FAIRFAX — George Mason basketball players Jordan Carter, Folarin Campbell and Will Thomas will have an array of accomplishments to look back on when their final season finishes this spring.

Most notably the trio played instrumental roles in Mason’s improbable Final Four run in 2005-06. Campbell and Thomas started for that team and Carter appeared in four of the five NCAA tournament games.

Thomas has been named to the Colonial Athletic Association All-Defensive team twice and both he and Campbell averaged over 10 points a game in their first three seasons. This season they are posting 16 and 13.7 points, respectively.

The three seniors added another highlight to their careers Saturday with a 72-46 dismantling of JMU: a perfect 9-0 record against the Dukes in what Campbell considers a “personal” rivalry. 

“My freshman year I didn’t know anything about the rivalry until coach ‘L’ emphasized how important it was,” Campbell said. “Ever since that day I took it to heart.”

JMU (10-11 overall, 3-8 in CAA) is the only in-conference team Mason hasn’t lost to in the last four seasons, although the Patriots can still go 6-0 against Towson with a win over the Tigers on Feb. 13.

The Dukes’ latest loss in the series wasn’t even close as JMU led only once after junior Juwann James scored the game’s first basket on his way to breaking his career 1000-point mark.

The Patriots (16-6, 8-3) got going like they tend to do against JMU, scoring 11 straight points for Mason coach Jim Larranaga’s 200th career victory in front of a record crowd of 9,840 at Patriot Center.

JMU didn’t even come close to responding in the hostile environment, shooting a dismal 28.6 percent in the first half. James scored the Dukes’ first five baskets of the game and junior guard Abdulai Jalloh registered the only other field goal of the half on a deep three-pointer with 1:35 left.
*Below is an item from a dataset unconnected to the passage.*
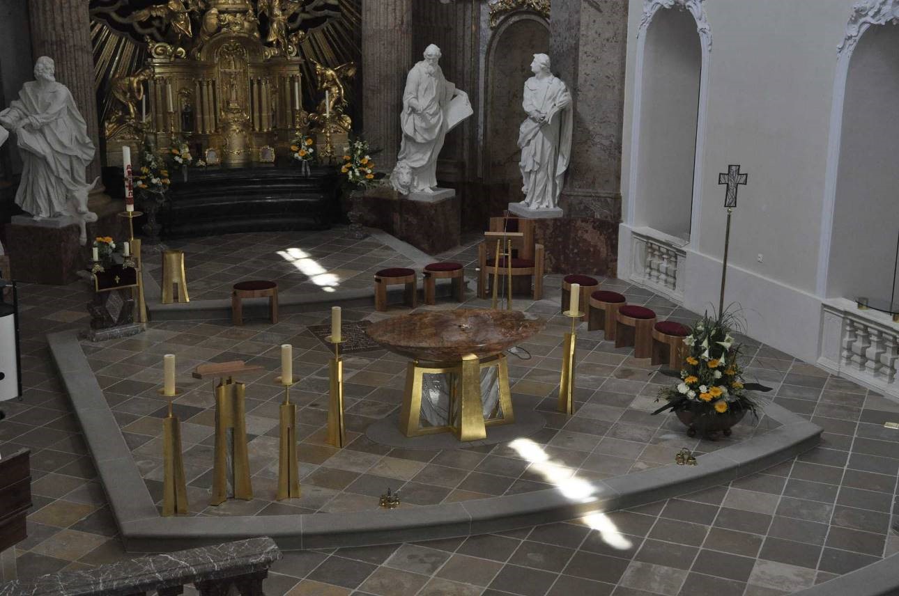 Realizace mensy a nosných částí oltáře proběhla za spolupráce firem v Rakousku (přímá koordinace kameník – zámečník), podkladem byl technický výrobní výkres oltáře pro Gutenbrunn-Heiligenkreuz, který byl konzultován stavebním odborem diecéze a dostalo se mu vysokého ohodnocení ze strany arch. Pfosera i řemeslníků. Ovál pod oltářem v dlažbě je navržen z jednoho kusu kamene (dodavatel Ehrlich) a obkroužen vloženým mosazným páskem. Mosazný pásek bude lemovat i kamenný kryt relikviáře. Na mense budou vyznačeny (vybroušeny) čtyři rovnoramenné kříže při okrajích mensy (realizace Ehrlich), grafický návrh na půdorysu mensy byl dodán, vybrána kombinace rovnoramenného kříže a 4 umístění při obvodu mensy. Pod oltářem byl proveden základ ze železobetonu. Současně s dlažbou oltářního stupně presbytáře došlo k umístění relikviáře u přední nohy oltáře, materiál: salzburský hnědočervený mramor.

Sophomore guard Pierre Curtis left the game with a knee injury less than eight minutes into the game, leaving the Dukes without their primary ball-handler.

“I just went up to block the shot and I came down...all my weight was on my left leg,” Curtis said.
Before the break Mason shot 61.1 percent on 11-for-18 shooting, but led by only nine points.

The Patriots opened the half with a seven-point run started by junior guard John Vaughn’s three-pointer. Vaughn scored 19 points in the contest, just behind Campbell, who scored a game-high 20 points on 8-for-11 shooting, including 3-for-3 from three-point range.

James finished the game with team-highs of 17 points and 11 rebounds for JMU but continued to receive little help offensively. Jalloh scored 16, but took 16 shots, making only five.

During the team’s current six-game losing streak, Jalloh has shot 32 percent on 85 attempts and has gone 12-for-40 from beyond-the-arc with 25 turnovers to 22 assists.

Junior Kyle Swanston was the Dukes leading three-point threat before going down with a knee injury eight games ago. Classmate Joe Posey — another outside shooter — has missed the last four games after being indefinitely suspended. Jalloh has tried to pick up the slack without the two shooters but has struggled to keep his scoring high while keeping the turnovers low.

“I’ve never been in this position in my life,” Jalloh said. “We’ve had adversity this season. But I feel like this is what’s gonna determine what kind of man I turn out to be in life; how I bounce back, how we bounce back. 

The game also marked Larranaga’s 19th career win over Madison in 11 seasons. JMU coach Dean Keener has never beat the “rival” Patriots in nine tries and has lost by an average of 19.6 points with the closest margin 11, in last season’s first round CAA tournament game.